At the UE 120, a set of antennas 252 (shown as antennas 252a through 252r) may receive the downlink signals from the network node 110 and/or other network nodes 110 and may provide a set of received signals (e.g., R received signals) to a set of modems 254 (e.g., R modems), shown as modems 254a through 254r. For example, each received signal may be provided to a demodulator component (shown as DEMOD) of a modem 254. Each modem 254 may use a respective demodulator component to condition (e.g., filter, amplify, downconvert, and/or digitize) a received signal to obtain input samples. Each modem 254 may use a demodulator component to further process the input samples (e.g., for OFDM) to obtain received symbols. A MIMO detector 256 may obtain received symbols from the modems 254, may perform MIMO detection on the received symbols if applicable, and may provide detected symbols. A receive processor 258 may process (e.g., demodulate and decode) the detected symbols, may provide decoded data for the UE 120 to a data sink 260, and may provide decoded control information and system information to a controller/processor 280. The term “controller/processor” may refer to one or more controllers, one or more processors, or a combination thereof. A channel processor may determine a reference signal received power (RSRP) parameter, a received signal strength indicator (RSSI) parameter, a reference signal received quality (RSRQ) parameter, and/or a CQI parameter, among other examples. In some examples, one or more components of the UE 120 may be included in a housing 284.
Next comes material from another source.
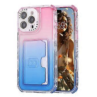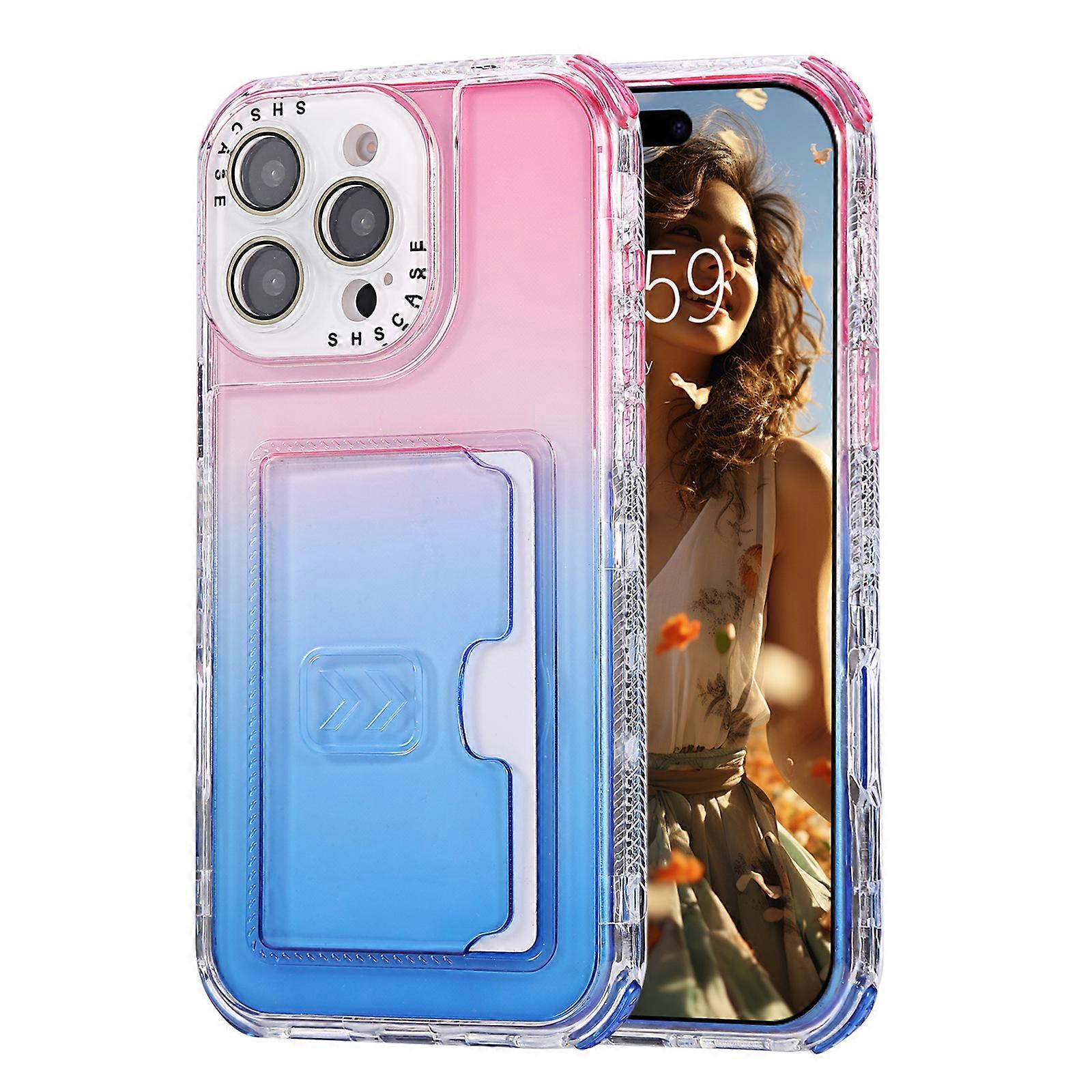 Cases Cover For iPhone 16 Pro Case Card Holder Gradient Color PC + TPU Anti Drop Phone Back Cover with Lens Film - Pink Blue

The network controller 130 may include a communication unit 294, a controller/processor 290, and a memory 292. The network controller 130 may include, for example, one or more devices in a core network. The network controller 130 may communicate with the network node 110 via the communication unit 294.

One or more antennas (e.g., antennas 234a through 234t and/or antennas 252a through 252r) may include, or may be included within, one or more antenna panels, one or more antenna groups, one or more sets of antenna elements, and/or one or more antenna arrays, among other examples. An antenna panel, an antenna group, a set of antenna elements, and/or an antenna array may include one or more antenna elements (within a single housing or multiple housings), a set of coplanar antenna elements, a set of non-coplanar antenna elements, and/or one or more antenna elements coupled to one or more transmission and/or reception components, such as one or more components of FIG. 2.

On the uplink, at the UE 120, a transmit processor 264 may receive and process data from a data source 262 and control information (e.g., for reports that include RSRP, RSSI, RSRQ, and/or CQI) from the controller/processor 280. The transmit processor 264 may generate reference symbols for one or more reference signals. The symbols from the transmit processor 264 may be precoded by a TX MIMO processor 266 if applicable, further processed by the modems 254 (e.g., for DFT-s-OFDM or CP-OFDM), and transmitted to the network node 110. In some examples, the modem 254 of the UE 120 may include a modulator and a demodulator. In some examples, the UE 120 includes a transceiver. The transceiver may include any combination of the antenna(s) 252, the modem(s) 254, the MIMO detector 256, the receive processor 258, the transmit processor 264, and/or the TX MIMO processor 266. The transceiver may be used by a processor (e.g., the controller/processor 280) and the memory 282 to perform aspects of any of the methods described herein (e.g., with reference to FIGS. 5, 7, 8, 9, 10, 11, 12, and/or 13).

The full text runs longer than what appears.